Most of the assignments will mirror the actual writing needs of the professionals in the field of criminal justice.
A research paper in criminal justice requires the student to identify a topic or issue then to research what has been written about the topic or to explore the data that have been complied about the topic - that is, review the secondary sources. Primary sources could include interviews or surveys. In most cases, students will take a stand or angle on the topic and present an argument about it. Theories may be used to support the claim. For example, in policing courses, student might investigate whether officers from different racial and ethnic backgrounds make decisions differently. To obtain information, interviews and published materials would be critical. Or a student might investigate whether the focus of racial profiling shifted from African Americans to Muslims after September 11, 2001 or if black- white relations are inflamed by the shooting and killing of an African American youth by a white male neighborhood watch enthusiast. In corrections courses, students might study the suicide rate of inmates and how or if it is connected to time spent in solitary confinement. In fact, a student might expand that topic to explore what the practice of solitary confinement says about US law and society.

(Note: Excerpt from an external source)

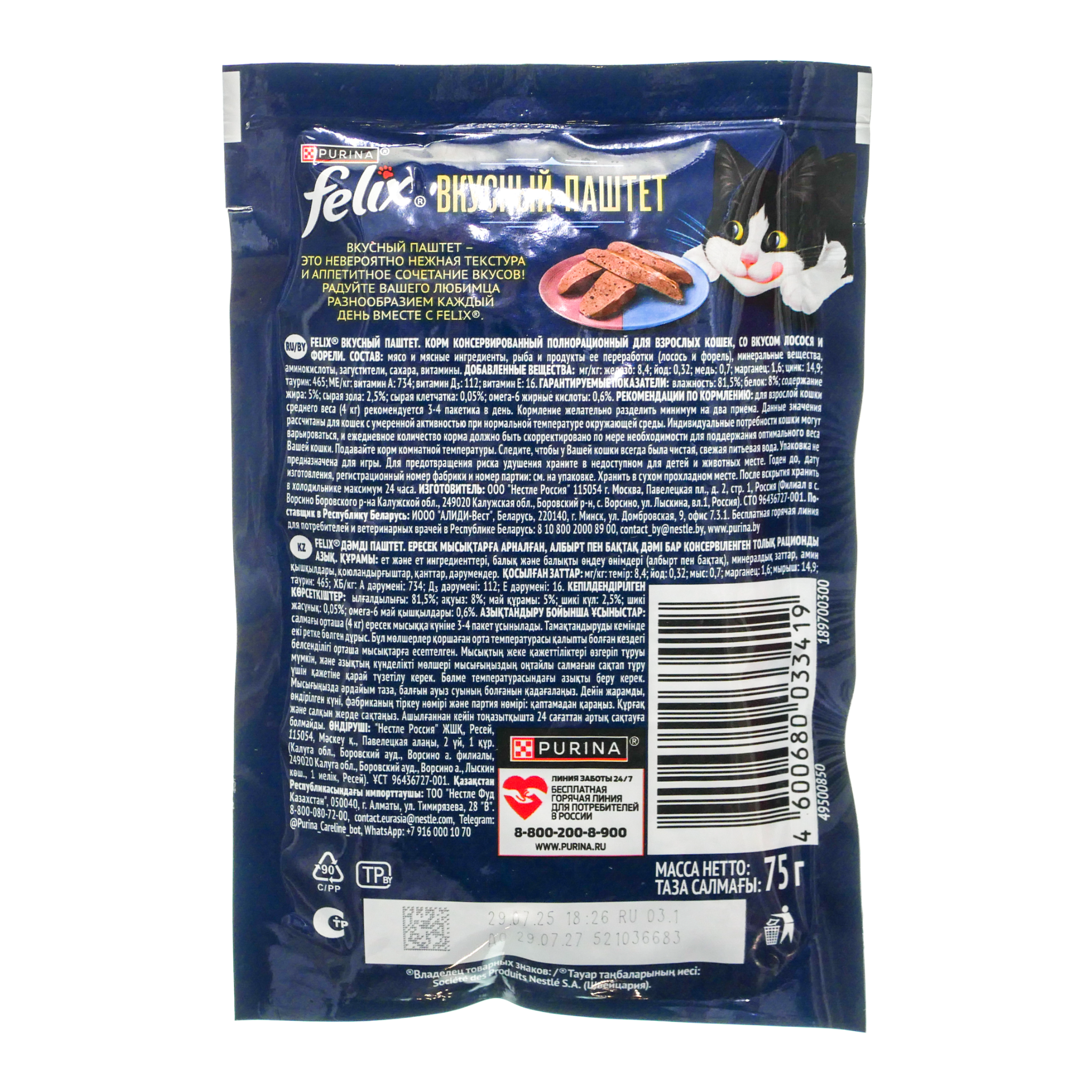 Корм д/кошек Феликс 75г Вкусный Паштет лосось/форель

An assignment may ask students to “apply” a particular theory to a real or imagined case. The student is expected to describe details of the theory and how specific components correlate or parallel a situation or a person’s behaviors. For example, a student may choose to describe “community policing” as it is generally understood and discuss it in his or her neighborhood as an effective program to deter a string of break-ins. That paper would specify how the author and various neighbors were effected or involved; what their role was and what actions they took responsibility for. Data to indicate the decrease in crime rates relative to break-ins would also be included. The usefulness of community policing would, likely, be endorsed.
Argument or Position Papers:
Argumentative papers depend on the author’s presentation of two sides of an issue AND his/ her position on that issue. The author does not simply state a personal opinion; he “arrives” at his conclusions after careful weighing of the two sides. Both sides are presented in a balance manner, but the author “sides” with one as he explains his perceived deficits in the other. Cases and theories may support her opinion AS she argues in favor of one side of the issue at hand.
For example, a student interested in women in prison, may research the consequences of incarceration on the women’s families, especially their children. The student may discover data that reveals higher rates of depression, substance abuse, academic failure of these children and be led to a thesis that advocates for closer monitoring and support of the school-aged children of incarcerated women.